Orion was born at the General Dynamics Corporation, the progeny of several former Manhattan Project scientists and Dyson, all of whom were anxious to find a more noble and peaceful use for nuclear power. Under Orion, a vehicle much larger than Apollo (perhaps as big as a city) would be propelled into space by several repeated nuclear explosions. The craft would carry a large supply of bombs and the requisite machinery for throwing them out at the right time and location.

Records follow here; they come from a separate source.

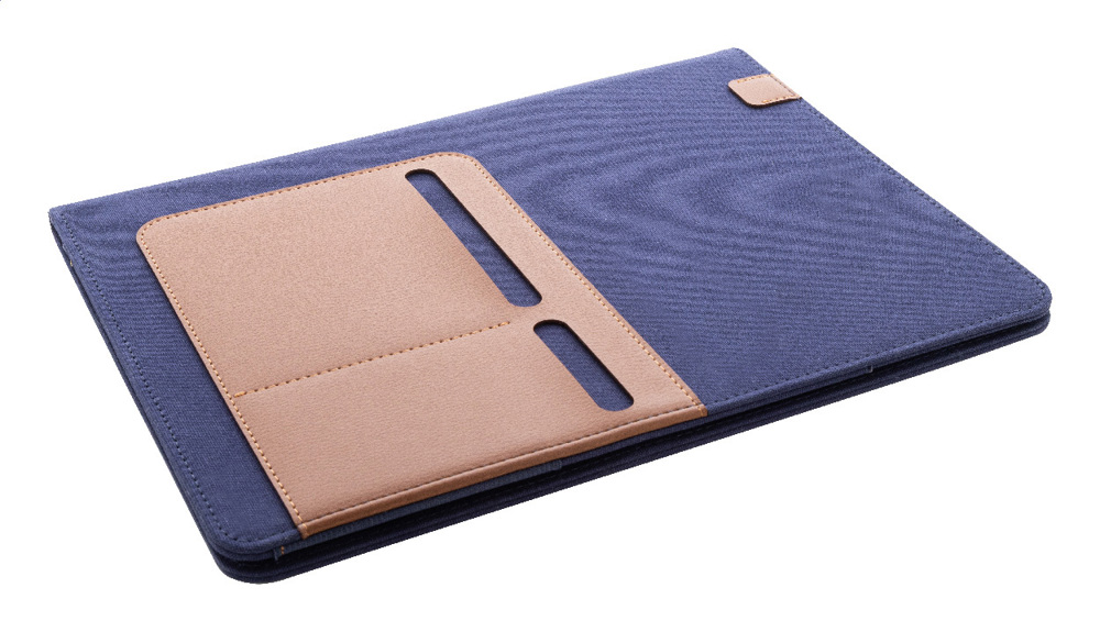 A4 sized, recycled canvas and recycled PU leather document folder with multiple front and inside organizer pockets. With 20 lined sheets notepad in recycled paper. 70% recycled cotton and 30% RPET polyester.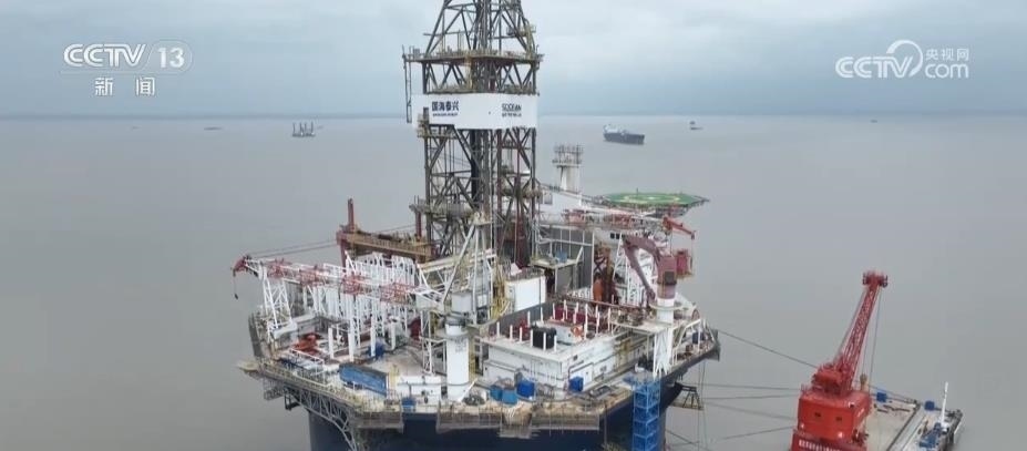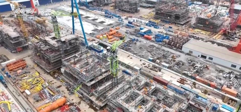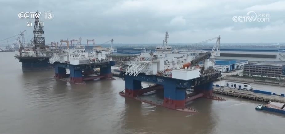 這些大家伙,都是世界技術比較領先的一些海工裝備。通過航拍的鏡頭,給大家展現一下,最遠的是圓筒形超深水鉆探平臺。因為它的外形是獨特的圓筒型設計,所以它的抗風浪性、作業(yè)水深的能力非常得好,技術指標創(chuàng)下多項世界第一。這家企業(yè),一共向國外交付了6艘同類型的產品。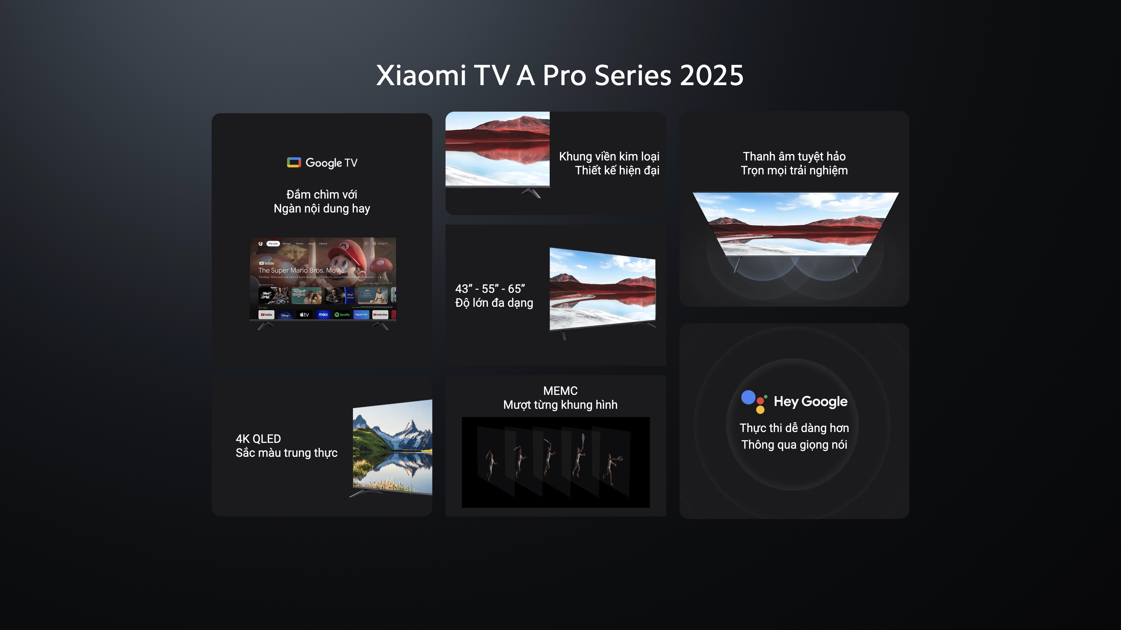 Xiaomi vừa cho ra mắt 2 dòng sản phẩm gia dụng cao cấp gồm Xiaomi TV A và Xiaomi TV A Pro phiên bản 2025. Bên cạnh việc sở hữu tấm nền chất lượng cao, thiết kế viền mỏng sang trọng và hiện đại, 2 dòng sản phẩm mới này còn được tích hợp công nghệ âm thanh từ Dolby Atmos và hệ điều hành Google TV giúp tối ưu trải nghiệm nghe nhìn của mọi thành viên gia đình.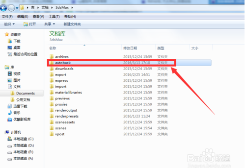 找到3dmax文件夹,然后在这个文件夹下面,找到autoback文件夹,将其打开。

Dyson saw so much promise in this project that he predicted to writer John McPhee that they would put men on Mars by 1965 and on Saturn by 1970. Unfortunately, Orion met the same fate as Dyson’s fictional Erolunar mission: It never made it to the launch pad and was declared dead in 1965. In his own post-mortem of the project in a 1965 Science article, Dyson attributed Orion’s demise in part to politics over funding and by the scientific community’s disdain for engaging in anything related to engineering. But mostly, Orion was scrubbed because the Nuclear Test Ban Treaty of 1963 outlawed it. Proponents of the treaty, he said at the time, didn’t give Orion a chance.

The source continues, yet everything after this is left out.